- EXERCISE MATERIALS:
***

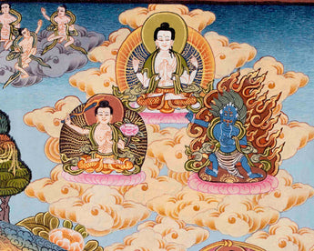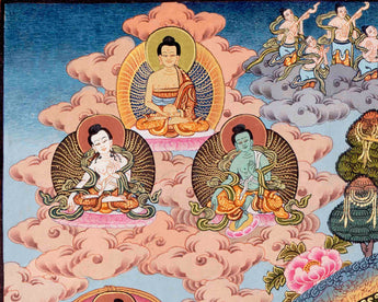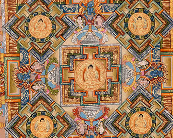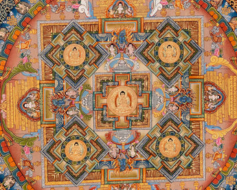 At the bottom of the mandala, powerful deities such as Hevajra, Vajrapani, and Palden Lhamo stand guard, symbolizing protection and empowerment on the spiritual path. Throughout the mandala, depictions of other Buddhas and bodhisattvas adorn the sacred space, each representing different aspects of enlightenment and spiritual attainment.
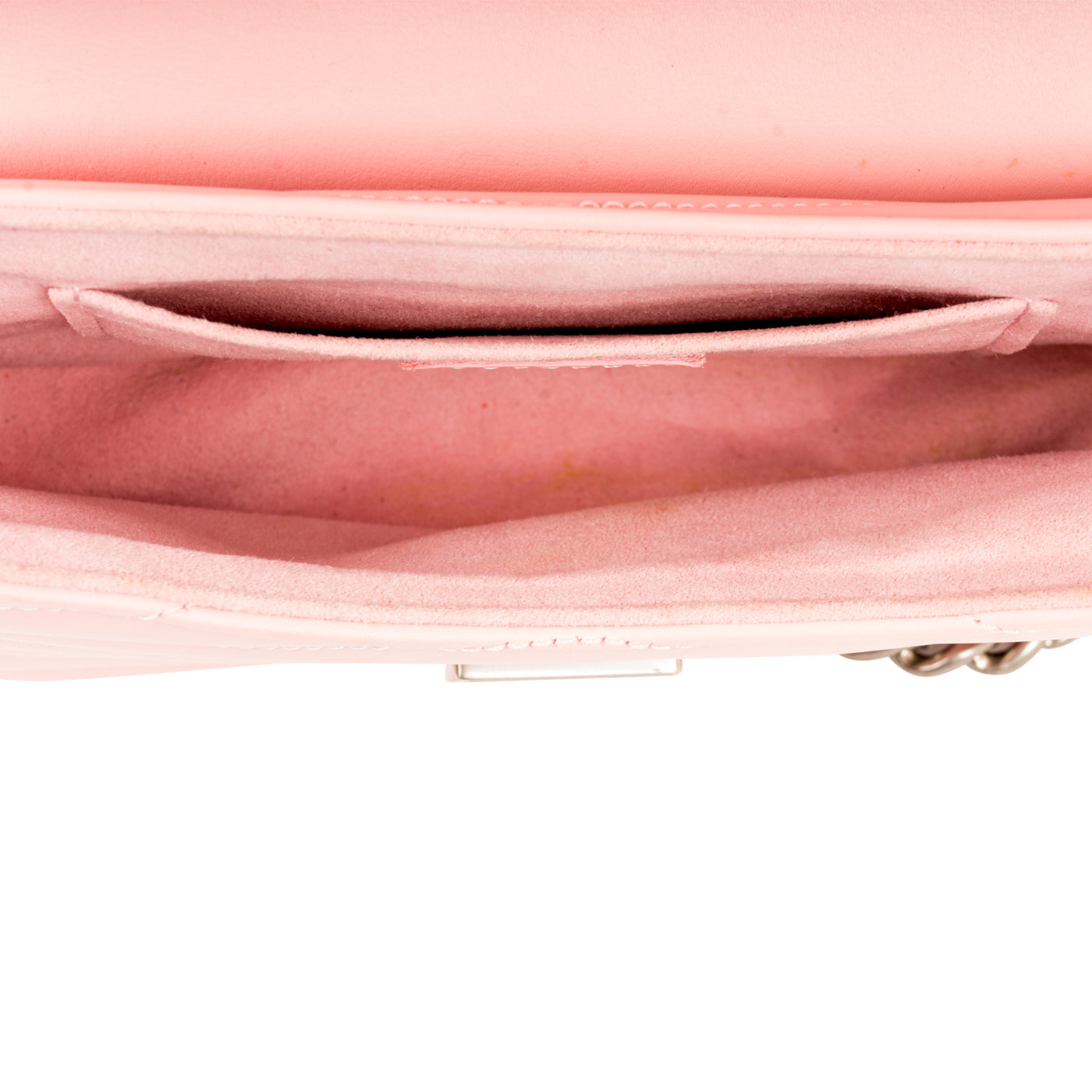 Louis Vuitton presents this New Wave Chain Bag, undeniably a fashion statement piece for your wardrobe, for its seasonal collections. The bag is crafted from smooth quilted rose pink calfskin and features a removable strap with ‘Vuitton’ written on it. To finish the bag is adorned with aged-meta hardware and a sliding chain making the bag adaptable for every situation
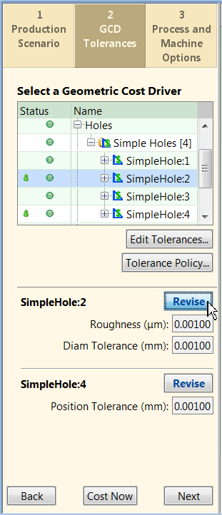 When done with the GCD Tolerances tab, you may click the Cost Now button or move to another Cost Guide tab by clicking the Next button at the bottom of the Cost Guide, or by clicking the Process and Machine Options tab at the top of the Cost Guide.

***

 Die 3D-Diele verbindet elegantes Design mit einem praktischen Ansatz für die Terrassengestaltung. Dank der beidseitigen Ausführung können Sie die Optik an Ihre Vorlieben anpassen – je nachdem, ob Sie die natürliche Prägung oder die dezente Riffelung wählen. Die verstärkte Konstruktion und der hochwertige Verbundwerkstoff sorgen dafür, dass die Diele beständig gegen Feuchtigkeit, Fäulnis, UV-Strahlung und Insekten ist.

***

- WORK TO COMPLETE:
Return exactly the lines that appear in the data above between the line containing "At the bottom of the mandala, powerful" and the line containing "When done with", both of which are included, and leave the pictures out.

- ANSWER FOR THE TASK:
 At the bottom of the mandala, powerful deities such as Hevajra, Vajrapani, and Palden Lhamo stand guard, symbolizing protection and empowerment on the spiritual path. Throughout the mandala, depictions of other Buddhas and bodhisattvas adorn the sacred space, each representing different aspects of enlightenment and spiritual attainment.
 Louis Vuitton presents this New Wave Chain Bag, undeniably a fashion statement piece for your wardrobe, for its seasonal collections. The bag is crafted from smooth quilted rose pink calfskin and features a removable strap with ‘Vuitton’ written on it. To finish the bag is adorned with aged-meta hardware and a sliding chain making the bag adaptable for every situation
 When done with the GCD Tolerances tab, you may click the Cost Now button or move to another Cost Guide tab by clicking the Next button at the bottom of the Cost Guide, or by clicking the Process and Machine Options tab at the top of the Cost Guide.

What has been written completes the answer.